The Bethesda Softworks designer backs his point with "Fallout 3," a post-apocalyptic adventure in which each player starts out as a youth searching for a scientist father and makes moral choices shaping his or her destiny.

"We've really come to the point that game play alone isn't enough to hook gamers; they want and expect great stories," said Pagliarulo.

"It's these stories that pull us in, and keep us interested as we continue playing past the eighth or 80th hour."

Online chat forums reveal players are devoting scores of hours to "Fallout 3," taking on quests such as freeing slaves, rescuing hostages, and integrating an elitist survivor settlement.

Conversations players have with in-world characters affect directions stories take, with choices regarding whether to do good or evil determining their reputations, opportunities and allies.

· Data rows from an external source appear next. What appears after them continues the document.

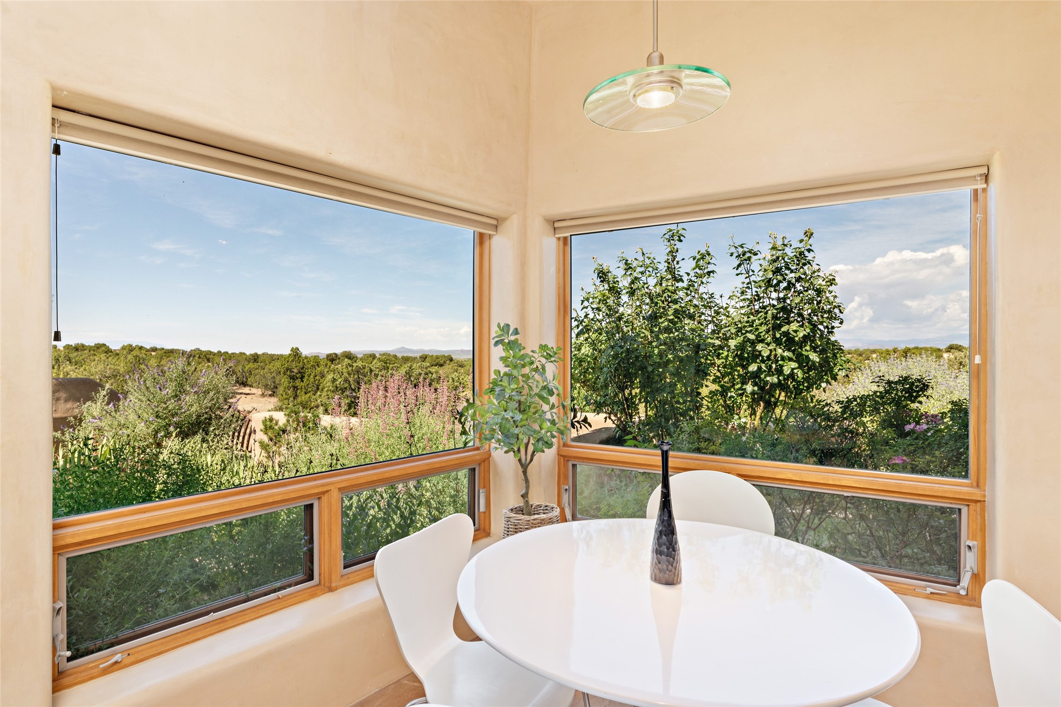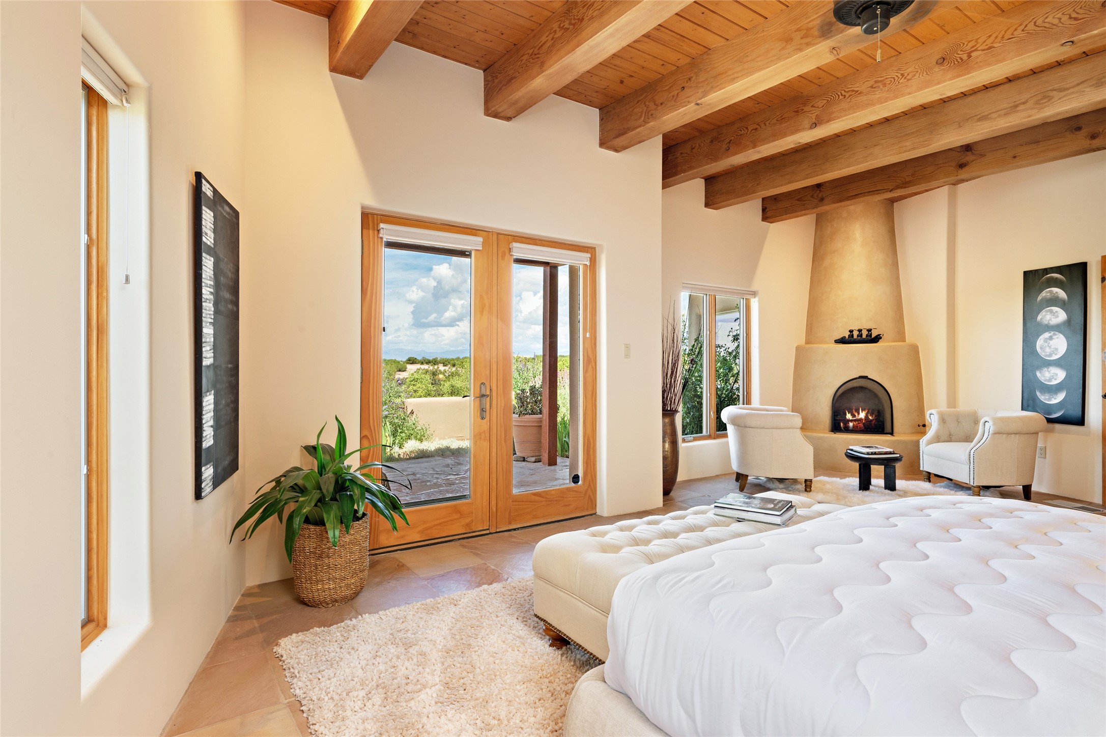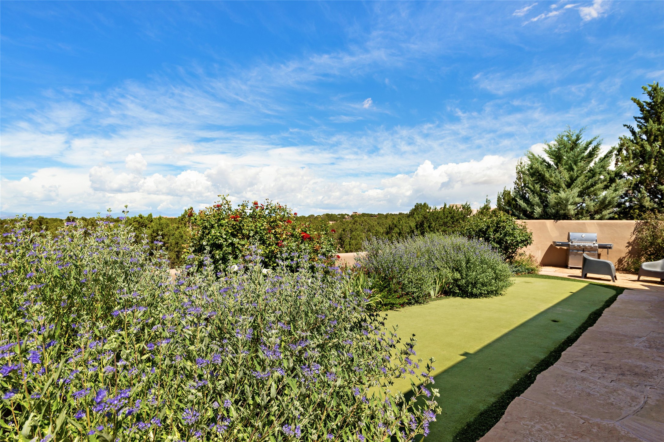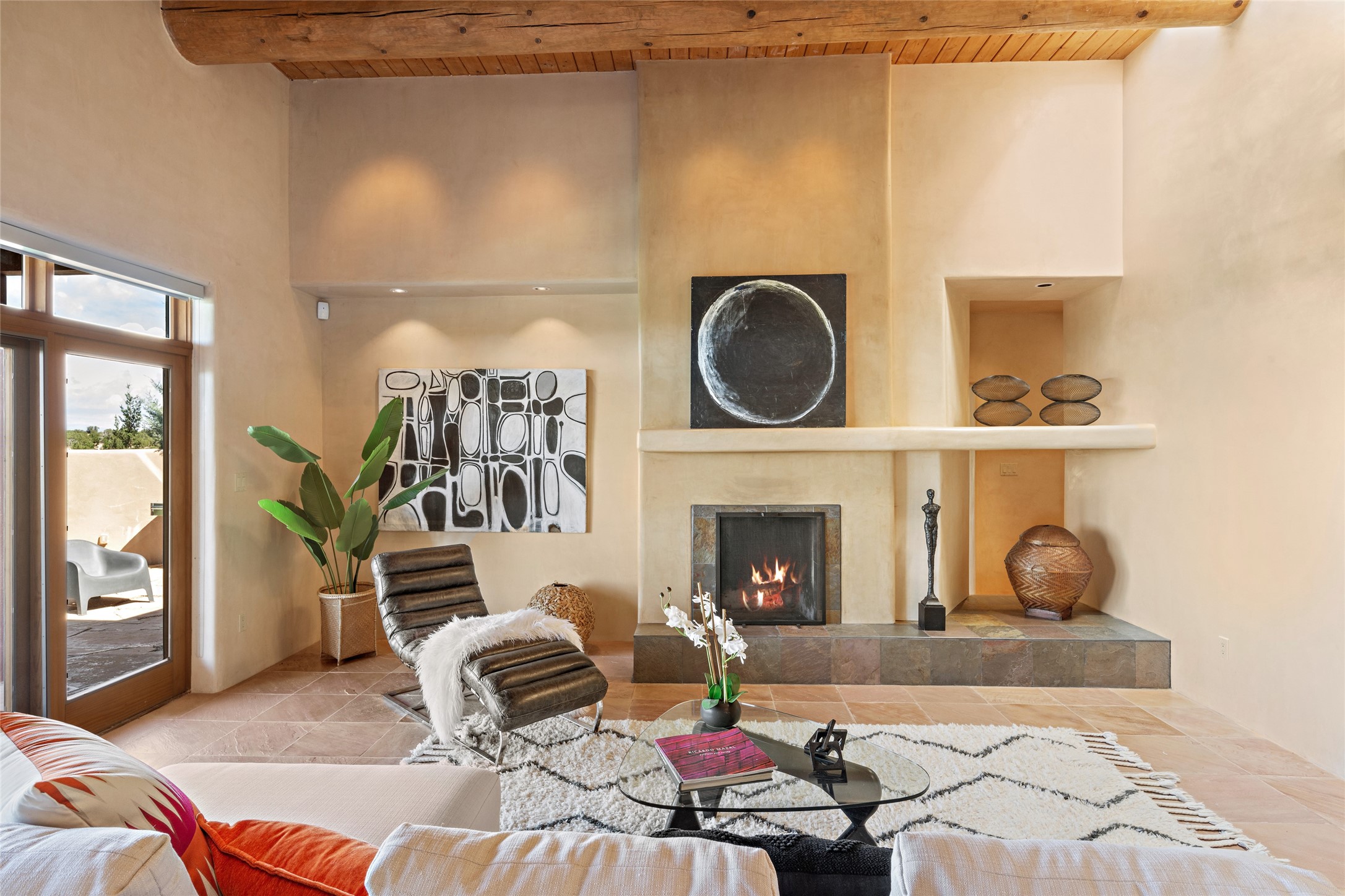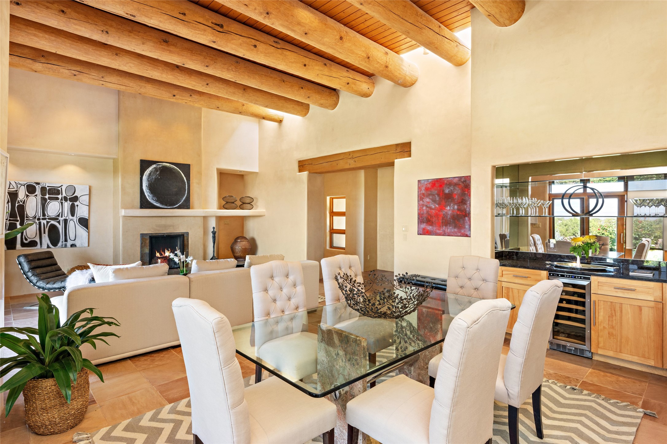 THIS LAS CAMPANAS SINGLE LEVEL HOME OPENS UP TO THE EXPANSIVE JEMEZ VIEWS AND WIDE-OPEN SKY OF SANTA FE! Welcome to the home of sweet dreams in Las Campanas, a prestigious gated community in Santa Fe, New Mexico. This stunning property offers unparalleled views of the Jemez Mountains and the surrounding natural beauty. Situated on a spacious 3-acre lot at the end of a sleepy cul-de-sac, this home is a peaceful oasis that invites you to relax and enjoy the serene lifestyle. This home features 3 bedrooms, a great office and 2.5 bathrooms. The interior design is a perfect blend of contemporary and traditional Santa Fe style, with high ceilings, vigas & beams, plaster walls, stone floors, fireplaces and skylights. The open floor plan allows for easy flow between the living room, dining room, and kitchen, creating a great space for entertaining or family gatherings. The gourmet kitchen is equipped with stainless steel appliances, granite countertops and a walk-in pantry. The master suite is a luxurious retreat with a fireplace, a walk-in closet and a spa-like bathroom with a soaking tub, a separate shower and dual sinks. The other two bedrooms are spacious and share a full bathroom. The outdoor living space is equally impressive, with a covered portal featuring a cozy seating area with a fireplace and an outdoor dining area that provides shade and comfort for the perfect indoor/outdoor lifestyle. The backyard is landscaped with native plants and trees that blend seamlessly with the natural surroundings. Walk for miles on the nearby trail system. From here, you can enjoy the spectacular views of the mountains and sunset. This home is truly a gem in Las Campanas, where members can enjoy the amenities of the private club - arranged separately and by invitation with the club - which offers 2 Jack Nicholus golf courses, the equestrian center, spa and tennis. Don't miss this opportunity to own this exquisite property that combines luxury, comfort and elegance.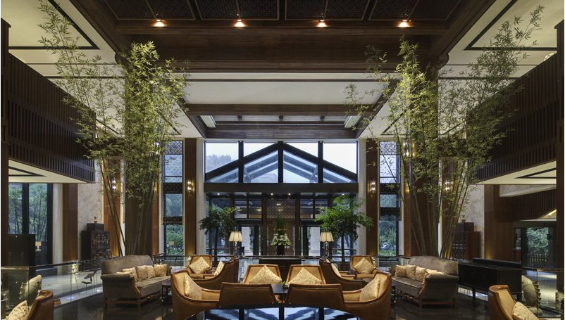 多以深色為主,墻面色彩搭配:一是以蘇州園林和京城民宅的黑、白、灰色為基調;二是在黑、白、灰基礎上以皇家住宅的紅、黃、藍、綠等作為局部色彩。新中式酒店家具主要是利用意境進行創意設計,中國傳統文化中主要受佛教、道教及儒教的影響。而意境表達主要是以道教為主,道教講究天與地,人與自然的結合。而很多的結合并不是實際的結合,而是意到既至的結合,它在空靈中可以讓人感受到實際的表達,明代很多經典的酒店家具創作都有意境的存在。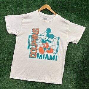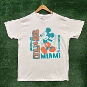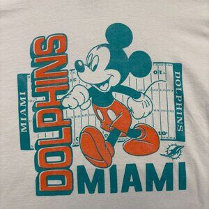 Dolphins x Disney white T-Shirt Size Medium. Fun crossover design featuring playful graphics and team spirit. Measures 22” pit to pit and 27” long for a comfy fit.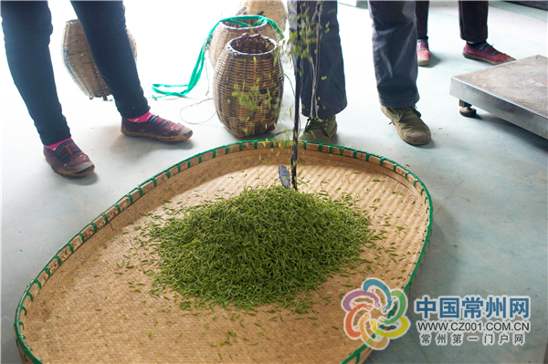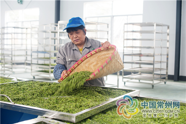 ④采茶場邊的車間里,采茶婆婆正在把采好的茶葉進行風干,一批批新茶即將誕生。

Videogame makers began evolving into modern-day storytellers in the early 1980s, according to Chris Swain, assistant professor at the University of Southern California where he co-founded Electronic Arts Game Innovation Lab.

Nintendo videogame legend Shigeru Miyamoto in 1981 challenged players to rescue a damsel in distress from an animated giant gorilla in "Donkey Kong."

"Working with a crude computer system with simple pixels and beeps he wanted to make it more of a story where your character had to save the princess from this monster," Swain said.

"At the time, it was very unusual."

As videogame hardware allowed for complex play and more vivid characters, shooter titles abounded catering to "hardcore gamers" seen as young men thrilled by blasting enemies to oblivion.

Pagliarulo recalls a Game Developers Conference a few years ago at which he was chagrined by colleagues that argued stories weren't needed in videogames.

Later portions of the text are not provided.